Olindo e Sofronia
Olindo e Sofronia são personagens do segundo canto do poema épico Jerusalém Libertada, de Torquato Tasso, publicado em 1581. A sua história é um episódio lírico e dramático que contrasta com os temas de guerra e heroísmo militar do poema.
O rei muçulmano de Jerusalém, Aladinob, furioso com os cristãos que viviam na cidade, planeia um massacre geral. Um ícone sagrado cristão desaparece de uma mesquita onde tinha sido colocado, e a culpa recai sobre a comunidade cristã.
Sofronia, uma jovem cristã "casta, sábia e gentil", decide acusar-se falsamente do roubo do ícone para salvar o seu povo da fúria do rei. Ela é condenada a ser queimada na fogueira.
Olindo, um jovem secretamente apaixonado por Sofronia, ao vê-la condenada, acusa-se a si próprio do crime para tentar salvá-la, alegando que ele era o verdadeiro ladrão. Cada um tenta salvar o outro, pedindo para morrerem juntos.
Comovida pela coragem e amor do jovem casal, a guerreira pagã Clorinda, que acabara de chegar à cidade, intercede junto do rei Aladino. Ela oferece os seus serviços militares ao rei em troca da libertação dos prisioneiros. Olindo e Sofronia são poupados à execução e libertados.
A história ilustra o amor altruísta e a devoção mútua, com cada um dos amantes disposto a sacrificar a própria vida pelo outro. Este tema de amor versus dever e martírio foi muito popular entre artistas.
A sua história oferece um interlúdio lírico e focado em dilemas pessoais dentro do épico de guerra das Cruzadas.
A cena dos amantes amarrados ao poste, prestes a serem queimados, e a intervenção dramática e heroica de Clorinda, tornou-se um tema favorito para pintores, especialmente no período Barroco. Artistas como Luca Giordano, Mattia Preti e até Edgar Degas representaram este momento de clímax visual e emocional.

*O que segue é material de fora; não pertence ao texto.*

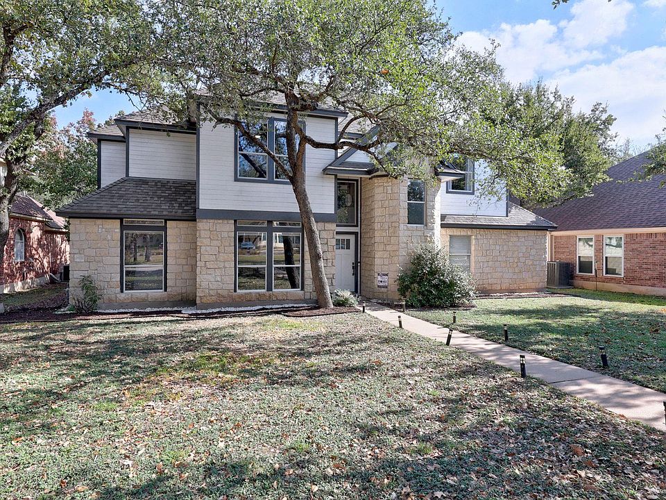 Step into this beautifully updated, move-in–ready contemporary home where natural light fills every corner and thoughtful design elevates everyday living. The stunning kitchen anchors the main level with its sleek high-gloss cabinetry, textured modern lower cabinets, quartz-style countertops, and striking horizontal tile backsplash. A farmhouse apron-front sink and a mix of stainless and modern high-gloss appliance finishes create a sophisticated look that feels both stylish and welcoming. The open layout flows effortlessly into multiple flexible living and dining spaces, giving you endless options for entertaining, working, or relaxing. Large windows create a bright, airy atmosphere throughout, while four spacious bedrooms and generous storage offer comfort and room to grow. Significant updates completed in 2023 add peace of mind and contemporary appeal, blending modern finishes with warm, inviting design. Set within a well-established Round Rock community known for its tree-lined streets, nearby parks, convenient access to shopping and dining, and close proximity to highly regarded local education options, this location adds everyday ease to your lifestyle. This home is a beautifully refreshed retreat—ready for you to move in and enjoy.
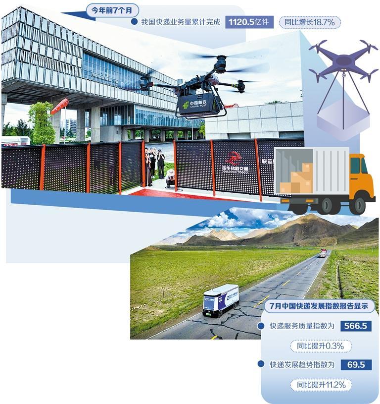 快递物流连接千城百业、联通线上线下、融入生产环节、嵌入消费场景,是现代流通体系的重要组成部分。国家邮政局发布数据显示,今年前7个月,我国快递业务量累计完成1120.5亿件,同比增长18.7%。
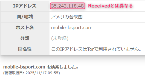 Received のカッコ内にあったIPアドレスと全然違いますよね、この結果からこの送信者が使ったとされる「mobile-bsport.com」を使ったメールアドレスは偽装であることが確定です!!
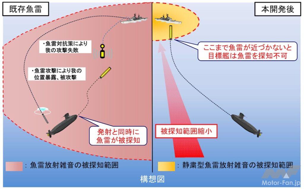 魚雷から発生する雑音を抑えることで、敵に発見される危険性が減り、相手に反撃や対抗手段の余裕を与えない。また、潜水艦自身も攻撃を受ける可能性が大きく減るだろう(画像/事業評価報告書より)
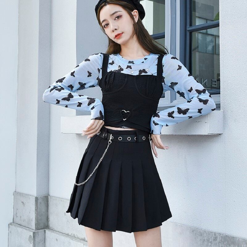 送料無料୨♥୧ ese原宿レディース2個セット パッチワークButterflyデザイン 収穫ミニプリーツスカート とサッシ可愛いゴシック AOS93942689624
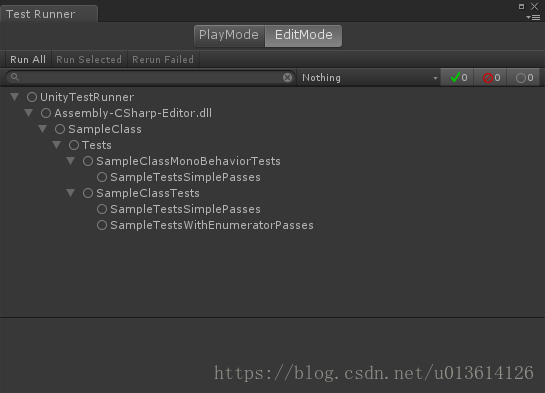 Window/General/Test Runner打开 Test Runner 窗口,可以看到我们写的测试已经被 Unity 识别,如图:
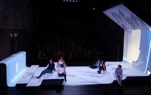 Un long et large ruban blanc, rythmé par des plis, des plateaux, des reliefs, des creux, recourbé à ses extrémités, pointant l’infini, traverse le public rangé de part et d’autre. Cet espace est matériel, élément de jeu où les corps dérivent, s’échouent ou ricochent tels des galets charriés par une force qui les dépasserait, mais tout autant immatériel, allégorique, semblable au rouleau d’un immémorial volumen déroulé sous nos yeux. Quelques ombres humaines le parsèment. Cohorte des justiciables s’écoulant dans le couloir temporel des pas perdus. Affaires familiales convoque ceci in medias res par un puissant synthétisme : une mise en tension du réel et de sa normalisation à travers la loi. C’est de ce conflit que naît le drame théâtral (comme il naquit avec Antigone à l’Antiquité).
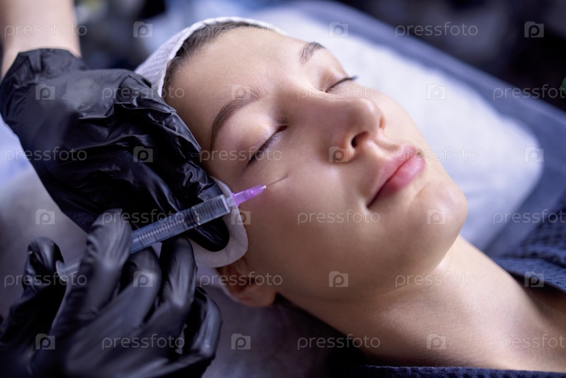 Инъекции красоты. Женщина-косметолог в черных перчатках делает инъекцию
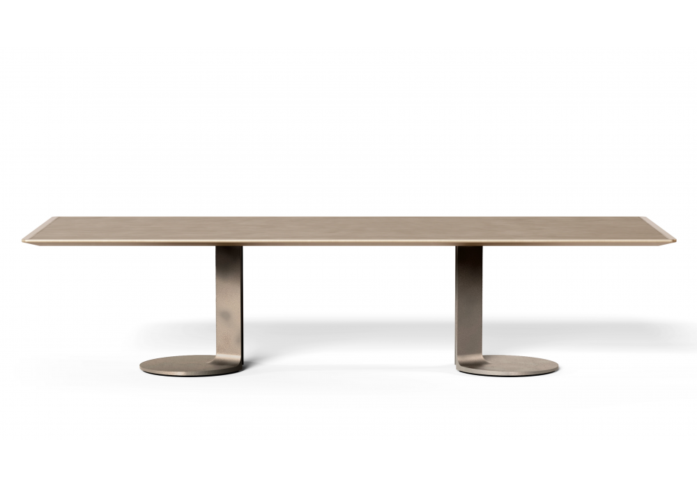 TL59 firmato da Afra & Tobia Scarpa per Cassina è un tavolo rettangolare realizzato con base doppia e piano con applicazione di metallo.
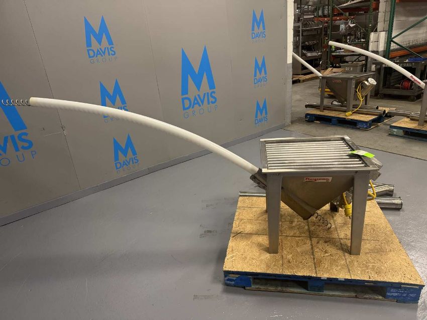 FLEXICON FLEXIBLE S/S SCREW AUGER CONVEYOR HOPPER WITH 24" w X 24" w x 18" D HOPPER, S/N 84467, WITH BALDON .5 HP / 1765 RPM S/S MIXER DRIVE MOTOR, 230/460V, WITH TOP SAFETY CAGE, INCLUDES 8 FT L X 2" SCREW AUGER & 4" PIPE CONNECTORS, (INVOICE #30650) (LOCATED IN PITTSBURGH, PA), (RIGGING, HANDLING, LOADING & SITE MGMT FEE: $100)
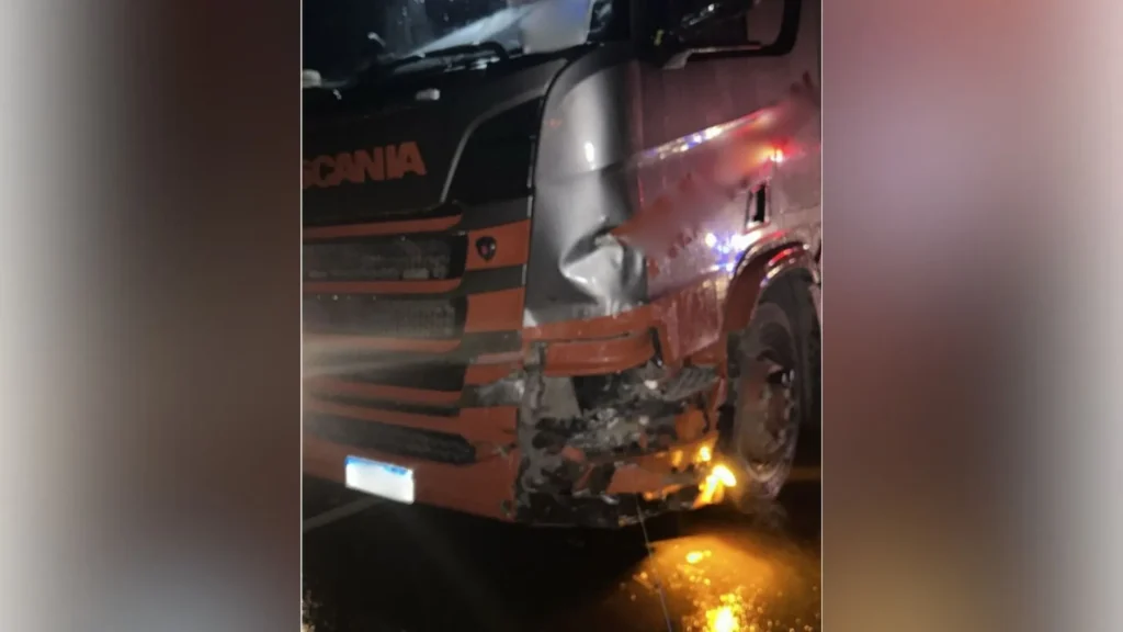No local colidiram um veículo VW Gol e uma carreta Scania. Além disso, uma árvore estava caída sobre a pista, bloqueando parcialmente o fluxo de trânsito.
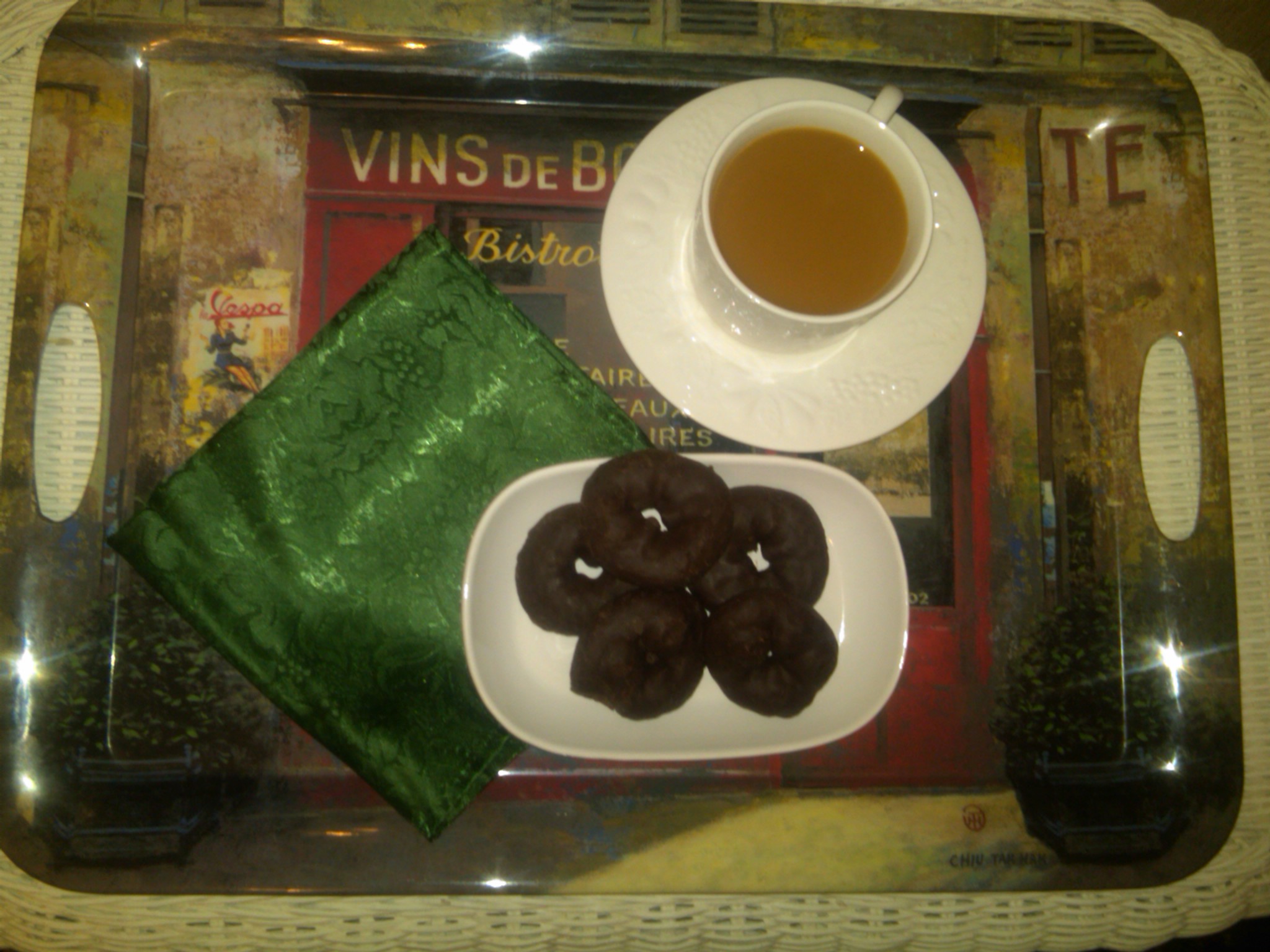 Aah! What is better than an indulgent breakfast of coconut kahlua coffee and chocolate doughnuts? Especially at those times of the month when chocolate cravings abound. And to partake of such a treat is like starting the day in the South Pacific. I feel as though I should be surrounded by giant palms and rattan fans circling from the ceiling. I suppose a wicker chair and table will have to do.
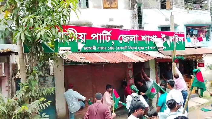 শনিবার (৩০ আগস্ট) সকাল সাড়ে ১১টার দিকে টাঙ্গাইল শহরের থানার পাশে ছয় আনি বাজার রোডে অবস্থিত জাতীয় পার্টির জেলা কার্যালয়ে এ ঘটনা ঘটে।
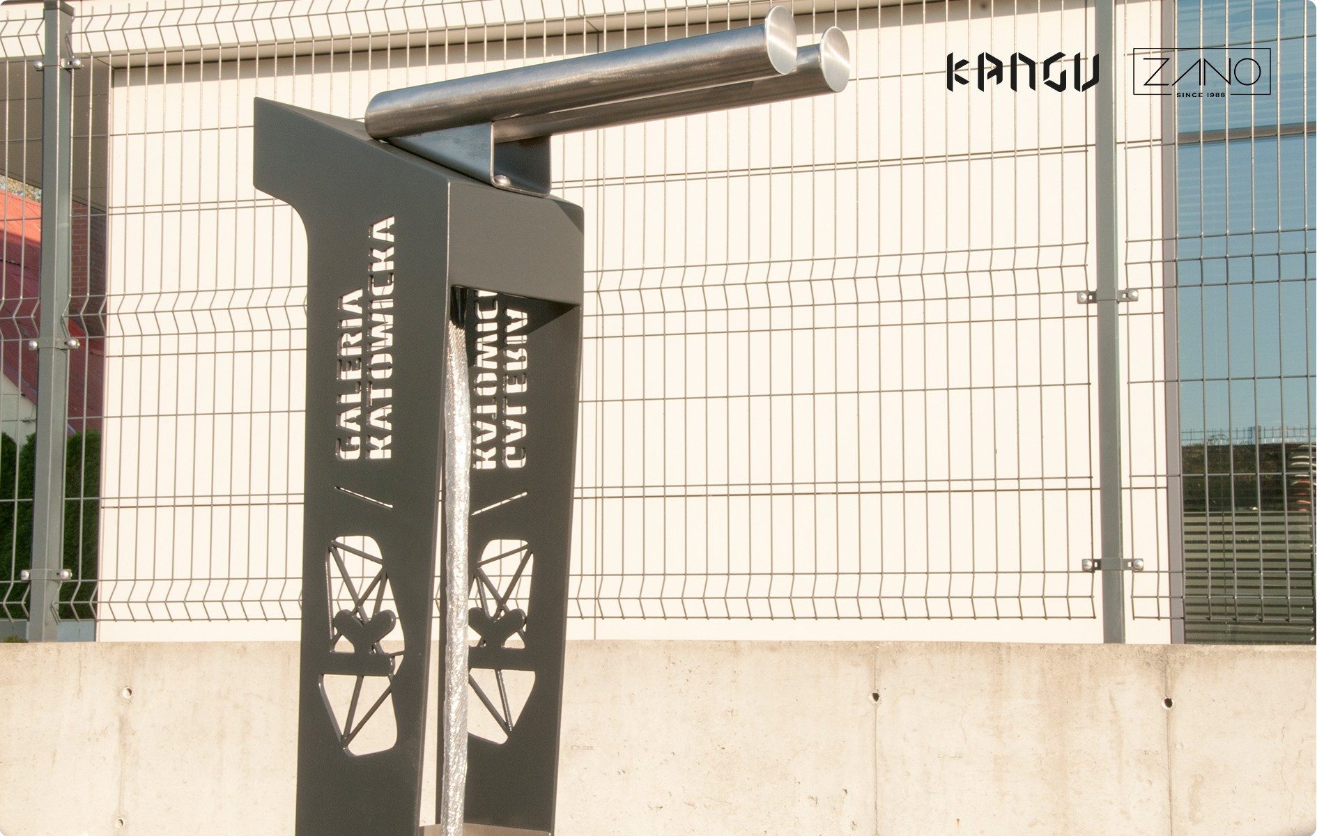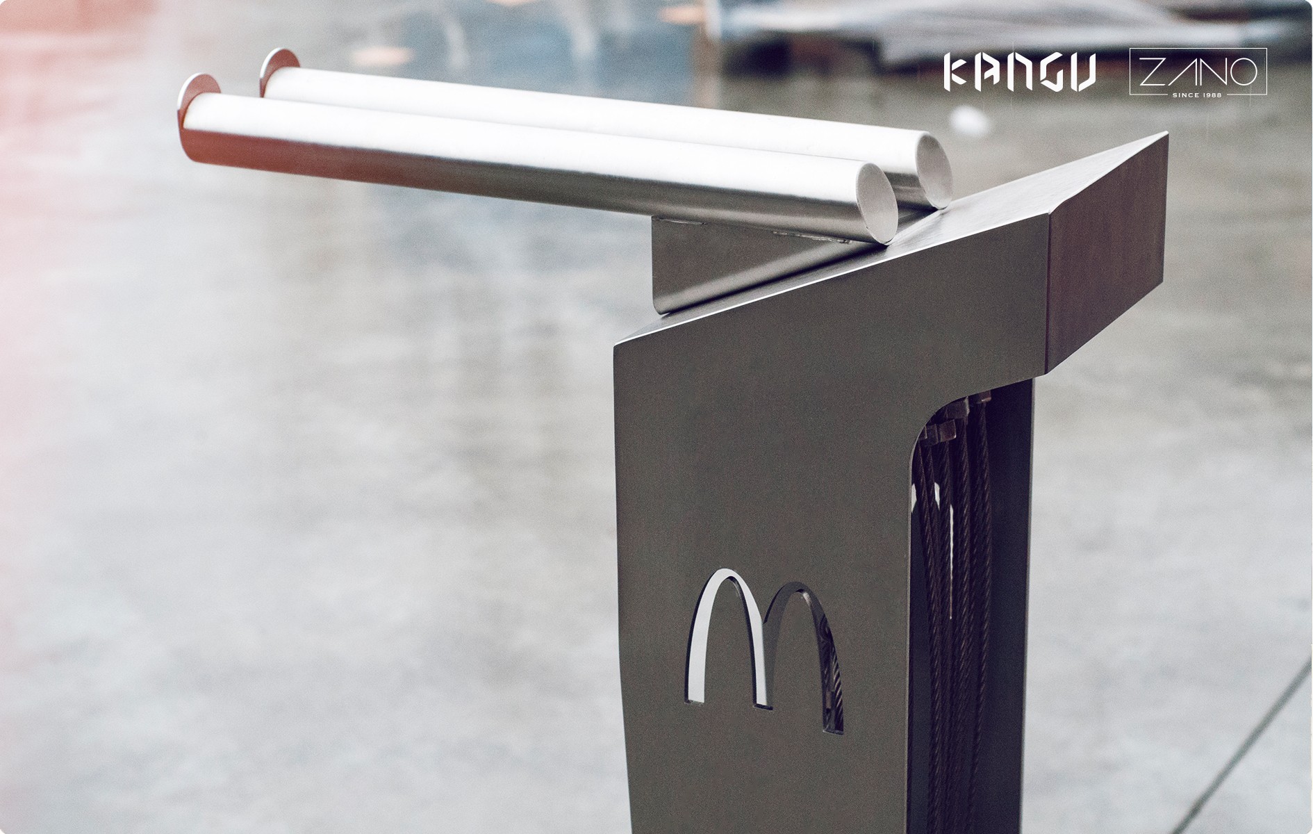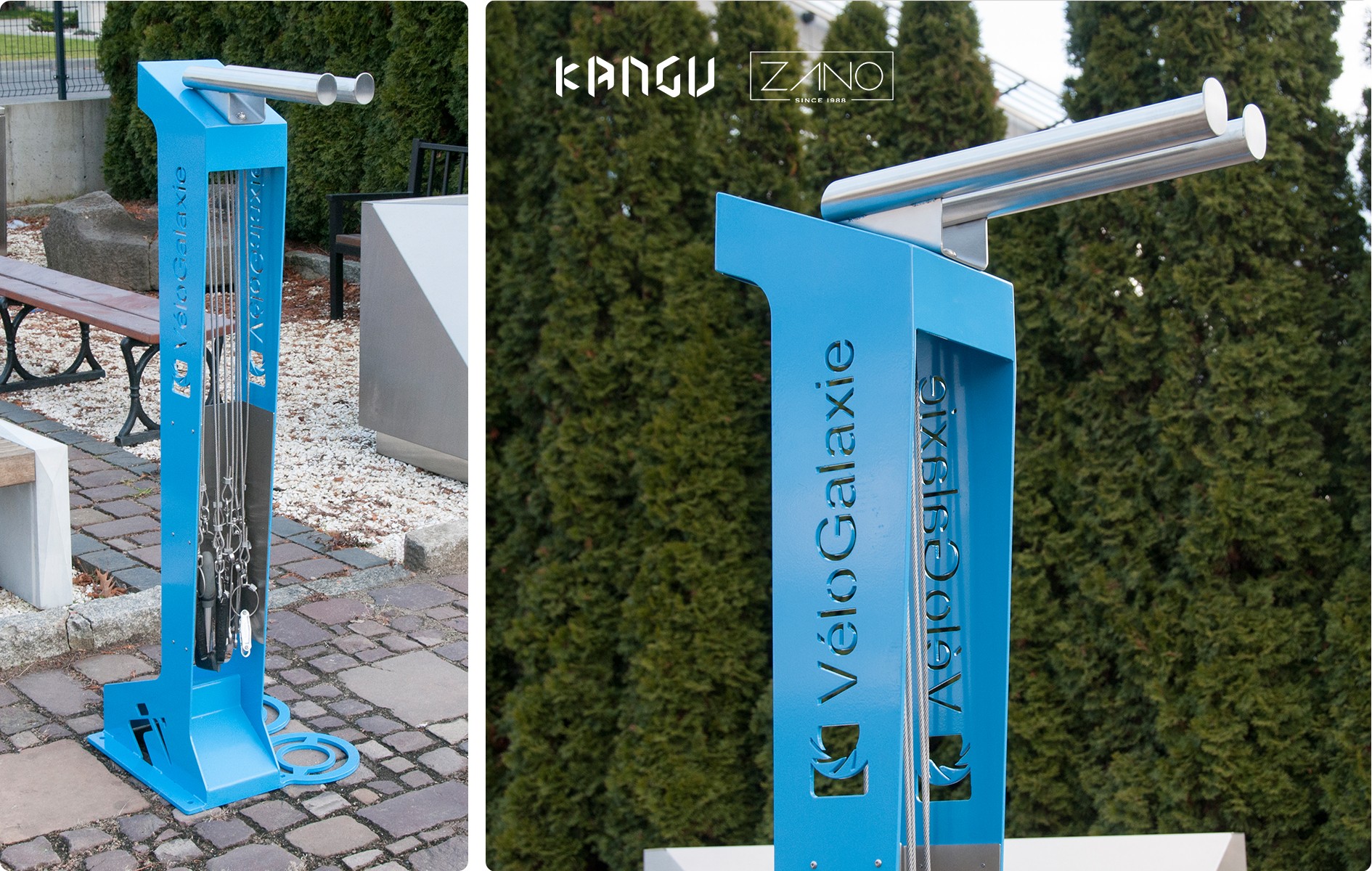 Suportul completează linia de stații pentru biciclete KANGU. Acesta prezintă un motiv distinctiv de biciclist, decupat la baza standului și a fiecărei stații.
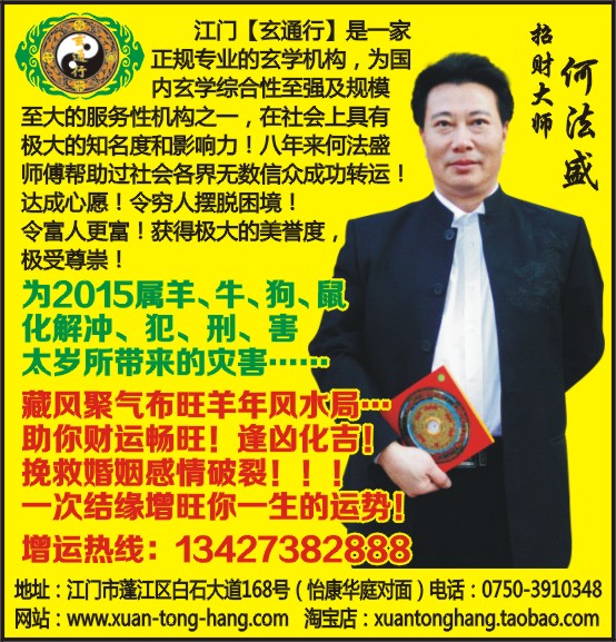 江门【玄通行】是一家正规专业的玄学机构,为国内玄学综合性至强及规模至大的服务性机构之一,在社会上具有极大的知名度和影响力!八年来何法盛师傅帮助过社会各界无数信众成功转运!达成心愿!令穷人摆脱困境!令富人更富!获得极大的美誉度,极受尊崇!
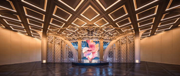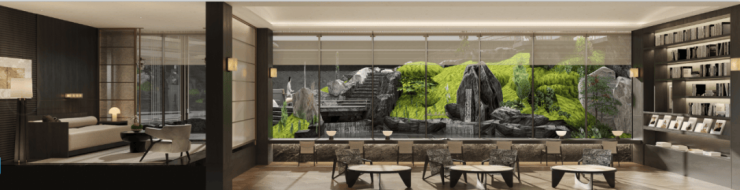 二进庭院则将镜面水景、叠水与瀑布三重水景层层递进,动静交融构建出丰富的多层次景观。并且通过景观,连接了室内外,也联动了上下层空间,传统造园技法中对建筑与自然风物透视关系的拿捏,在这里有了具象的领会。
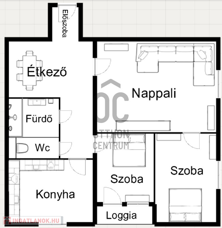 Helyiségei : nappali + 2 szoba, konyha , étkező, külön fürdő, wc, előszoba, és a loggia.

A história funciona como uma introdução à personagem Clorinda e prenuncia a sua própria redenção, pois, assim como ela salva o casal cristão, ela própria será salva espiritualmente (através do batismo) no final trágico da sua própria história com Tancredo.
A obra de Mattia Preti sobre Olindo e Sofronia é uma das representações pictóricas mais célebres deste episódio da Jerusalém Libertada de Tasso. Preti, um pintor italiano do período Barroco conhecido como "Il Cavalier Calabrese", abordou este tema em várias ocasiões, destacando-se pelo seu estilo dramático e tenebrista.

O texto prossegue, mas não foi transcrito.